Segment Start: THE INPUT
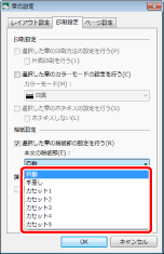 [本文の給紙部]の選択項目は、[プリンター]で選択しているプリンターに装着されている給紙部の種類に応じて異なります。
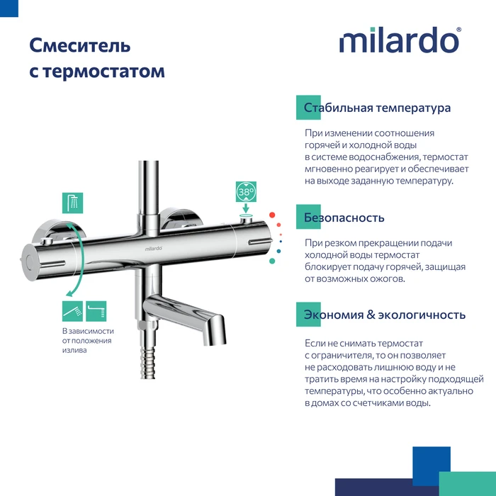 Смеситель Ideal Spa будет гармонично смотреться практически в любом интерьере ванной комнаты. Преимущество термостата над обычным смесителем – мгновенная реакция на любые изменения в соотношении горячей и холодной воды в трубопроводе. При небольших перепадах температура смешанного потока останется стабильной, а при внезапном отключении холодной воды, термостат полностью перекроет подачу горячей. Термостат уже настроен на максимально комфортную температуру (38 °C) для экономного потребления горячей воды, что особенно актуально в домах со счетчиками воды.
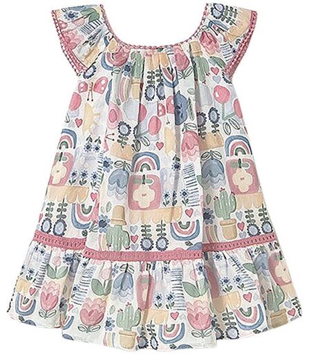 Niedliches Mädchen Kleid aus reiner Baumwolle Eckiger Ausschnitt mit Faltenlegung Angeschnittene Ärmel Volantbesatz am Saum Floraler Alloverprint Ausgestellte Passform Farbbezeichnung: Rosa Perfekt für besondere Anlässe - Taufe, Erstkommunion, Firmung, Hochzeit und Co. Material: 100% Baumwolle ...
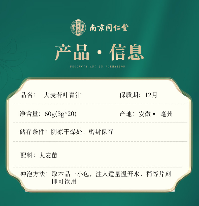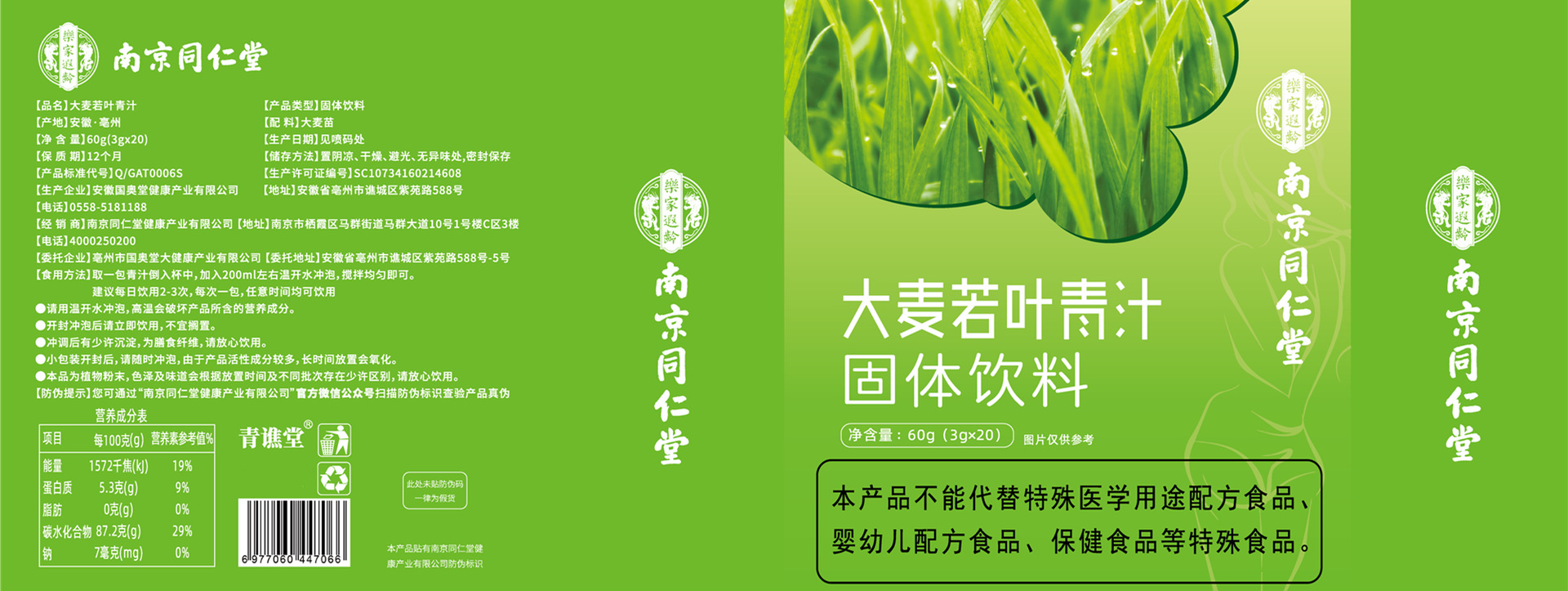 Сок из листьев ячменя Нанкин Тонгрентанг Лэйцзя, 60 г, оптом, готов к немедленной отгрузке.
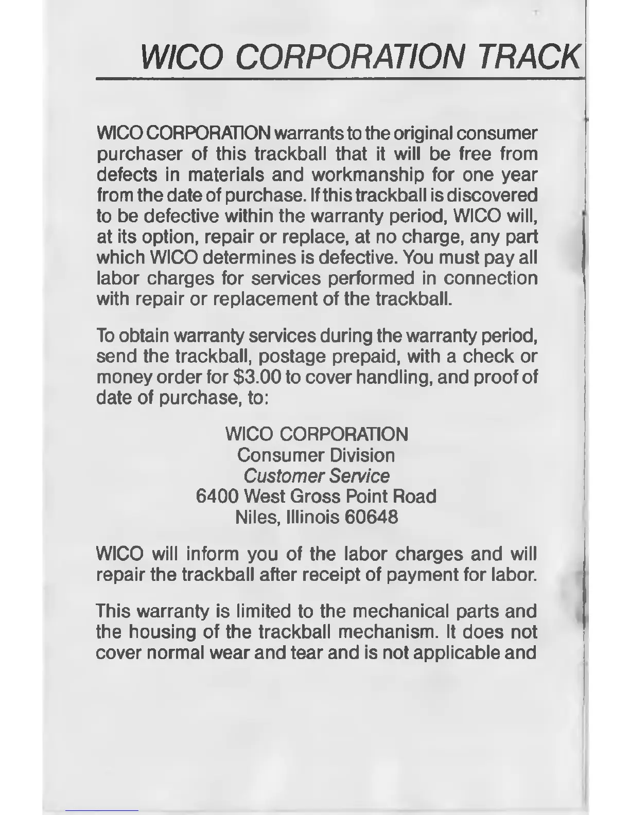 purchaser of this trackball that it will be free from
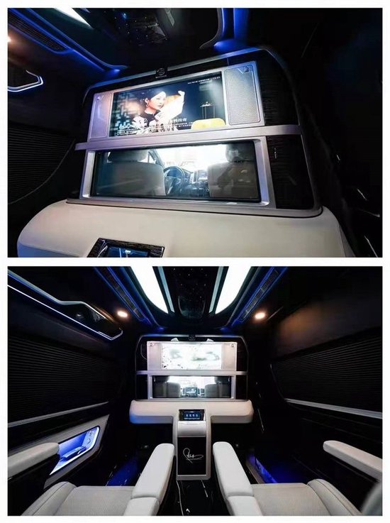 这款隔断墙一眼看上去是不是非常的眼熟?对丰田商务车有很多关注的朋友就会发现,它属于雷克萨斯LM 300四座全隔断的同款隔断墙。从上大下分别由电视机,雾化玻璃,小吧台三部分组成。坐在后排可以日常的看电视,听音乐,娱乐系统展现的很充分。中间的雾化玻璃既可以时时刻刻的观察前面的情况,在需要的时候也可以很好的保护后面的私密性。下方的吧台有可调控的触摸屏以及USB接口,有线充电,还有杯托几部分组成。
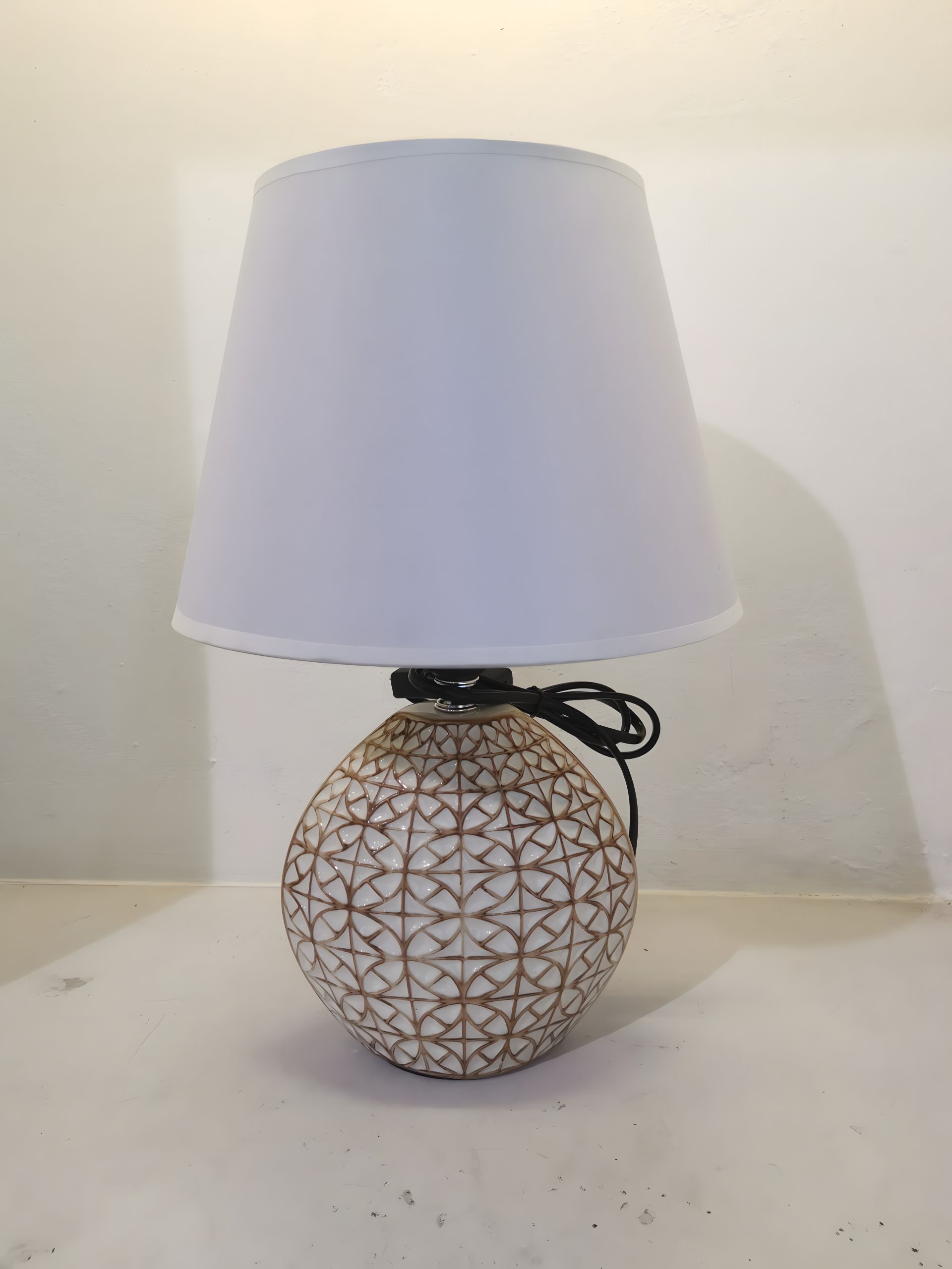 Основа лампы выполнена из качественной керамики с изящным текстурным покрытием, что придает ей эстетическую выразительность и делает привлекательным элементом декора. Она обеспечивает надежность и стойкость конструкции, гармонично дополняя общий вид изделия.
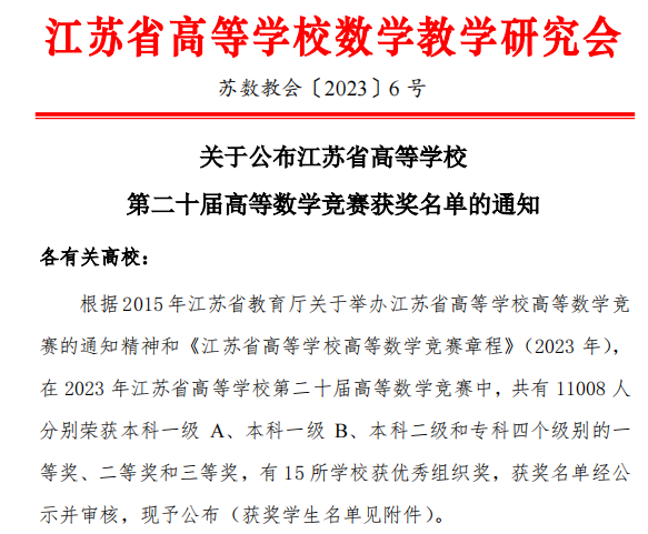 近日,由江苏省高校数学教学研究会组织,南京工业大学浦江公司承办的江苏省高等公司第二十届高等数学竞赛圆满落下帷幕,公司beats365官方网站高等数学竞赛队共获得江苏省专科组一等奖12项,二等奖25项,三等奖29项,本科组二等奖1项。
Segment End: THE INPUT
Only the lines from the one containing "Основа лампы выполнена" through the last line of the material should be returned, exactly and without pictures.

 Основа лампы выполнена из качественной керамики с изящным текстурным покрытием, что придает ей эстетическую выразительность и делает привлекательным элементом декора. Она обеспечивает надежность и стойкость конструкции, гармонично дополняя общий вид изделия.
 近日,由江苏省高校数学教学研究会组织,南京工业大学浦江公司承办的江苏省高等公司第二十届高等数学竞赛圆满落下帷幕,公司beats365官方网站高等数学竞赛队共获得江苏省专科组一等奖12项,二等奖25项,三等奖29项,本科组二等奖1项。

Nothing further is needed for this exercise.